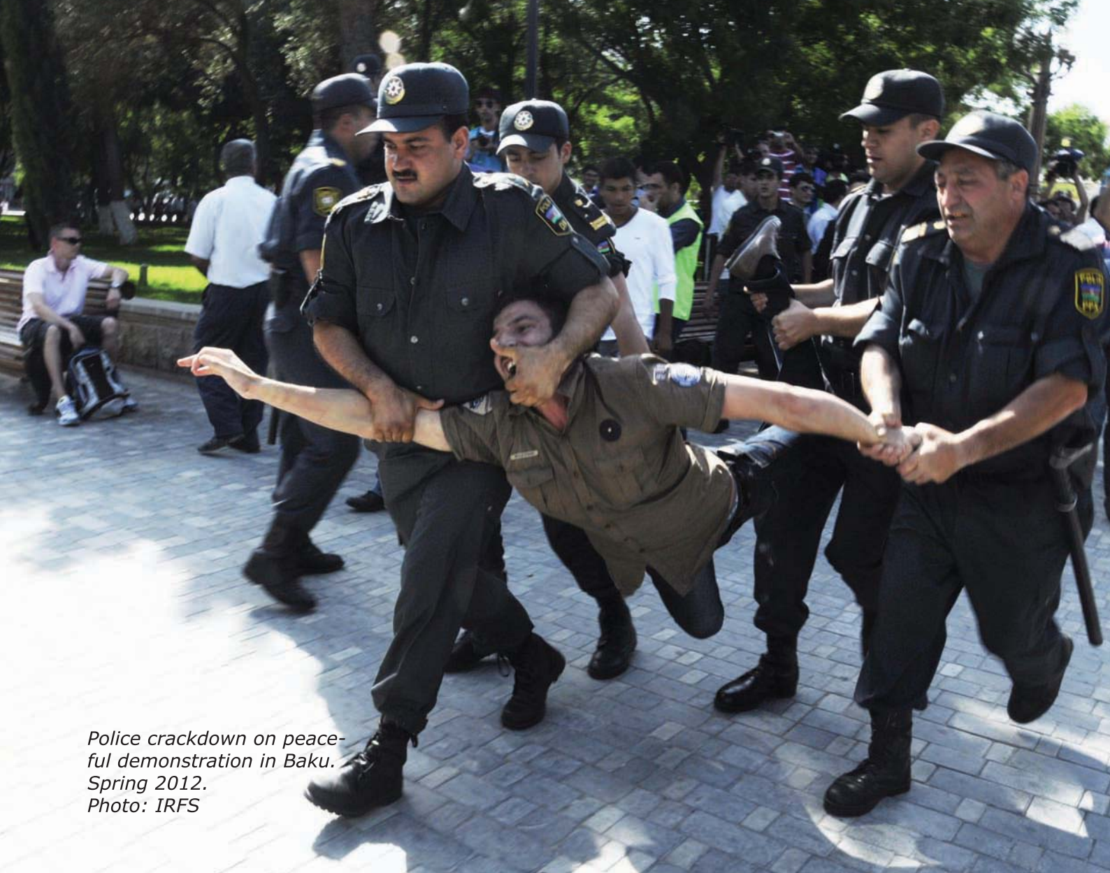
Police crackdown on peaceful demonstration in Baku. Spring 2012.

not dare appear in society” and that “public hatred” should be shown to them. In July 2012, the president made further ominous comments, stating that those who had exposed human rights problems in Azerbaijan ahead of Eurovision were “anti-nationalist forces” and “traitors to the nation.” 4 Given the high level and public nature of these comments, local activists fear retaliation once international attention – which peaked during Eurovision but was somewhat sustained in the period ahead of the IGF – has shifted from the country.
...
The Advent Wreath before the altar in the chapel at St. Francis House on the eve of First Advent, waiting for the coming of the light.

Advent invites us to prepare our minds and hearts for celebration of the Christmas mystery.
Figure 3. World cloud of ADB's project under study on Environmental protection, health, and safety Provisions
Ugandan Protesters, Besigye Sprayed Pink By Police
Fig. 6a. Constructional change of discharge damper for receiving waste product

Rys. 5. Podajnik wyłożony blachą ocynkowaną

• Exercise brief
With "Police" as the search string, filter the records and return each line that has it.

• Exercise output
Police crackdown on peaceful demonstration in Baku. Spring 2012.
Ugandan Protesters, Besigye Sprayed Pink By Police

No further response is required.